To build it, half of the landing craft, carrying the light, durable mesh that will make up the webbed dish, would land in the crater. The other half, carrying DuAxel rovers designed by JPL, would split off and land at the crater’s rim. The rovers are 4-wheeled workhorses with two axles that can separate and reconnect with each other. Half of each rover would anchor to the rim, then belay its partner down to the main lander on the crater floor. The crawler would attach to the aluminum mesh at the lander, then climb back up the crater, unfurling the web behind it, which could simply unfold, like a giant fishing net. After making its way back up the rim, each rover would anchor the dish’s radial lift wires in place.
And if that won’t work, Bandyopadhyay has a second plan. “Another idea is to not use robots, but to fire harpoons into the crater wall” from the landing craft at the bottom of the crater, he says, with the rovers helping to tension the aluminum mesh dish.
Needless to say, all three project concepts are up against some major challenges.
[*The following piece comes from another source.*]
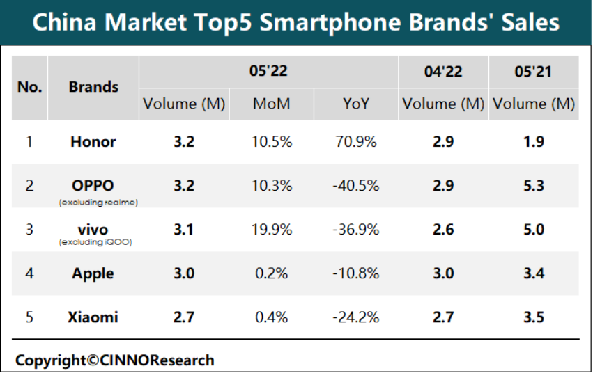 ■ CINNO:5月国内智能机销量环比增8.6%,荣耀、OPPO排前二
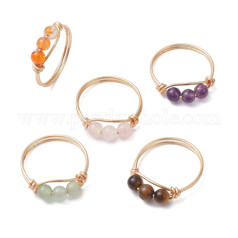 Кольца на палец с круглыми бусинами и натуральным драгоценным камнем из медной проволоки для женщин

The NIAC funding is just a drop in the bucket; each would cost more than $1 billion to develop, build, and become operational. (“I would like to say to anyone who has money that if you give me $5 billion, I can launch this tomorrow,” Bandyopadhyay says.)
There’s also the problem of labor. All three projects propose using rovers, which would need to hibernate to survive the -173 Celcius temperatures of the lunar night—which lasts 14 Earth days. And it’s unclear if it would be best to use rovers that are automated, or operated by astronauts on the moon, in orbit, or on Earth. Most of all, the precise strokes of orchestrating not just a successful landing but also a flawless rover-based construction project on a vast scale are … let’s say, yet to be determined.
On an optimal schedule, FarSide could begin operations before the end of the decade; FarView in the 2030s; and the LCRT by 2040. “I would personally be very surprised to see it launch before I retire,” Bandyopadhyay says.
In the meantime, other projects may help us understand the secrets of the Cosmic Dark Ages. The new James Webb telescope, which is expected to launch this fall to study the Cosmic Dawn, may provide data that could help scientists extrapolate backwards into the Dark Ages. And researchers are working to better study the more limited neutral hydrogen frequencies that they can observe from Earth.
But until they either reach the far side or run out of time, Bandyopadhyay, Burns, and others will keep shooting for the moon. “I’m a child of optimism and science fiction,” he says. “I want—not for myself, but for my grandkids or great-grandkids—to enable space travel, matter and antimatter engines, and things like that. And we’ll be nowhere then if we don’t seek answers to fundamental questions like ‘What is the universe made of?’ right now.”